Hace
muchos años en un viaje a Medellín mi papá paró el carro en la mitad entre
Doradal y Puerto Triunfo frente a la hacienda Nápoles. En un dintel se erguía la
diminuta Piper Cub en la que Pablo Escobar y su hermano sobrevolaron la Cuba
calurosa de mojitos sin parar a refrescarse y los cayos hasta llegar a la
Florida un domingo, confundiéndose con los turistas, cuando los niños elevan
cometas, los militares cámaras no tripuladas y los ricos avionetas particulares
que maniobraban sobre canchas de golf.
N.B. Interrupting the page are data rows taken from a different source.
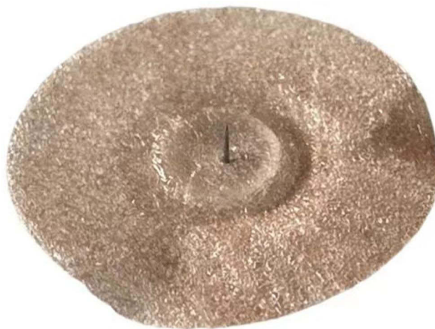
Figure 2 Active intradermal acupuncture.

The primary outcome will be evaluated prior to the initiation of the intervention, as well as at the 3-week, 6-week, and 10-week follow-up mark.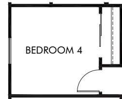
OPT. BEDROOM 4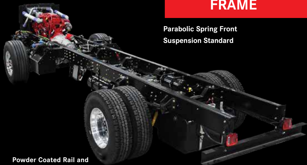
Powder Coated Rail and Cross-Members Standard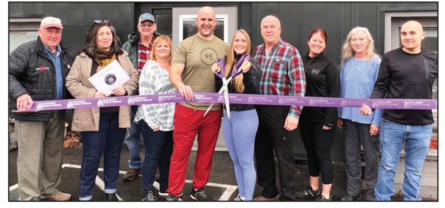
858 Route 212, Saugerties NY www.9essentialspilatesandwellness.com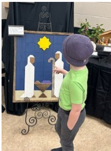
Dayschool kids looking at the Nativity scenes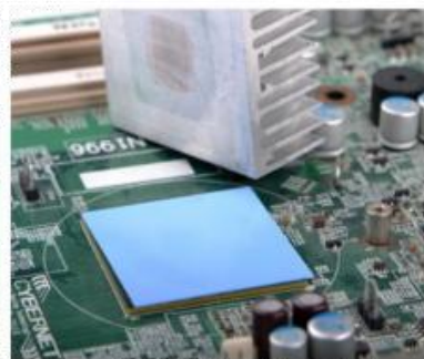
CP-120-T300 Series Thermal Thermal conductivity 3.0 W/m·K Double-sided adhesive Good electrical insulation Shockproof and vibration damping Good temperature resistance High cost-performance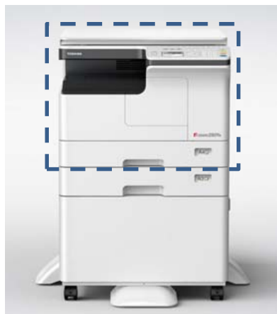
Paper Feed Unit and Desk are optional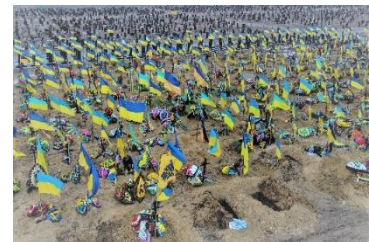
A Cemetery near Kyiv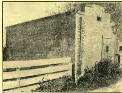
Grass-grown path in front of a jail one year after the town went "dry"

That every friend of the cause should both vote and work?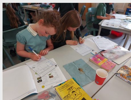
Quantock Class Weekly Plan: Week 32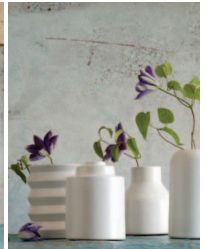
Shane Powers Bud Vases. White. $16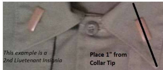
Figure 17: Example of Rank Pin Placement

As shown on page 11 of the Uniform Guidelines (Figures 5 through 11), the 1 one inch subdued rank pins based on the Senior Cadet or Adult leader's role, will be placed centered and 1 inch from the collar tip with an imaginary line drawn through the middle of the pin from the tip to the neck.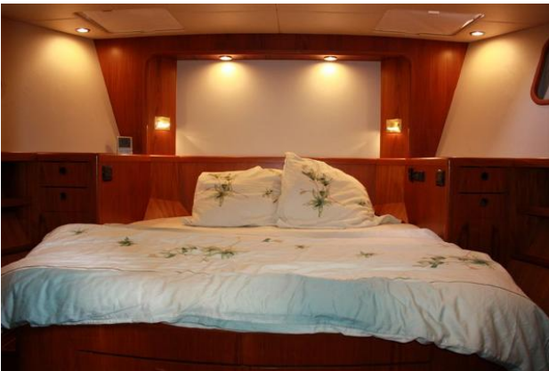
Vripack 54 Master Stateroom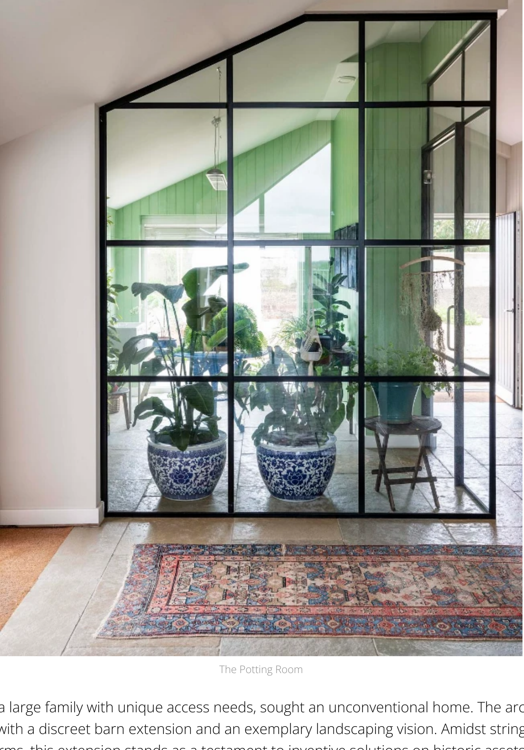
The Potting Room

The clients, a large family with unique access needs, sought an unconventional home. The architects responded with a discreet barn extension and an exemplary landscaping vision. Amidst stringent UK planning norms, this extension stands as a testament to inventive solutions on historic assets, destined to gracefully meld with evolving landscapes. The primary structure boasts insulated woodcrete ICF and a timber roof, setting a green precedent.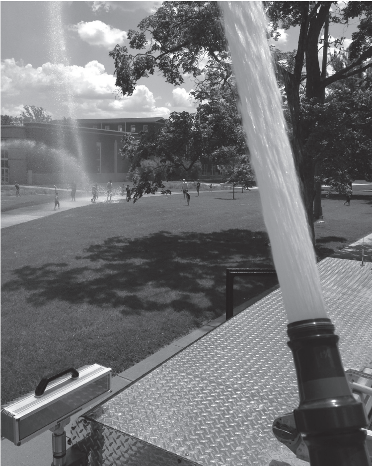
Hmmmm.....looks like the Fire Department had an advantage at the water fight over the Memorial Day weekend!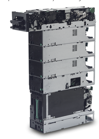
■ Cash recycling 3 recycling modules, 1 loading cassette, 1 cash box & 1 exception box

Flexible configuration can be achievable, according to customer's needs. (Max. 772mm height)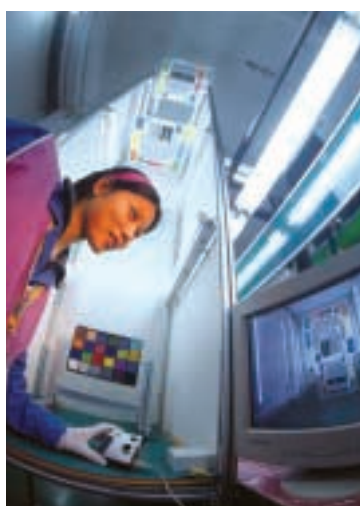
An HHR quality check staff member tests the final assembly of digital cameras to ensure the accurate focusing calibration.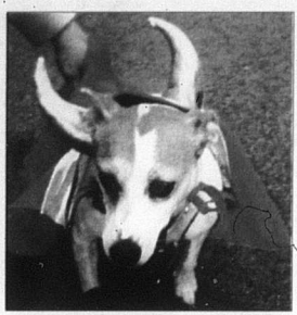
This little Jack Russell named Jelly Bean is ready for Halloween.

young child's mind. Halloween stickers and temporary tattoos are two other options.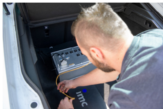
Fig. 2: Connecting to CAN bus and Wi-Fi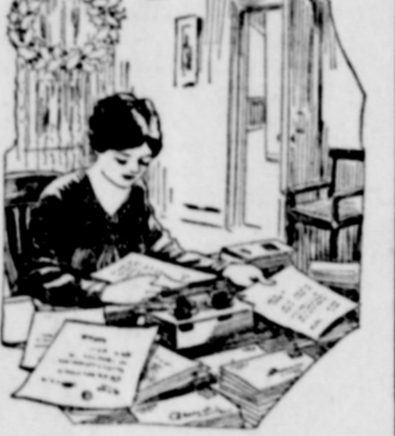
She Read the Note Once more as it Lay on the Desk.

Christmas Day, the day, arrived. When the old folks came down to their breakfast, they found a Christmas tree laden with at least one gift for each.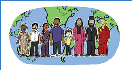
Little Way Catholic Educational Trust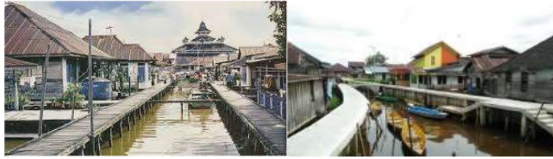
Figure 10. Kampung Beting Pontianak.

Titian in Kampung Beting Pontianak has been developed, so it is stronger and not easily decayed as before. The size though not according to the standard size of the path (2m) but has been traversed by two-wheeled vehicles from the opposite direction. The caution of road users is still needed because there is no railing on the path of the bridge.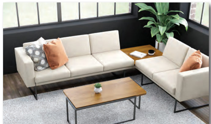
Education Student Union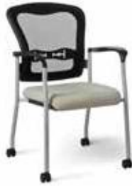
SG5K Stackable Guest Chair

Graphite-color back Graphite-color arms Silver-color tapered legs Wall-saving design Molded seat cushion Molded back cushion Self-leveling glides Stack up to 3 without dolly

La pequeña avioneta no solo se podía ver
desde la carretera; estaba tan cerca que el hollín de los camiones había
estropeado lo que no logró tragarse el Triángulo de las Bermudas. Ya no había heroísmo
en esa aeronave; no merecía el vuelo. La habían pintado tantas veces como las
columnas que la sostenían, delineada con bordes verdes. El artefacto se veía
vacío y de la cabina sólo quedaba un panorámico macilento por el sol y ajado
como una lija por donde se me hacía increíble que El Osito y El Patrón hubieran
podido mirar. Mi padre se bajó del carro y caminó alrededor de las columnas con
las manos en la cintura. Yo lo acompañé y también puse las manos en la cintura.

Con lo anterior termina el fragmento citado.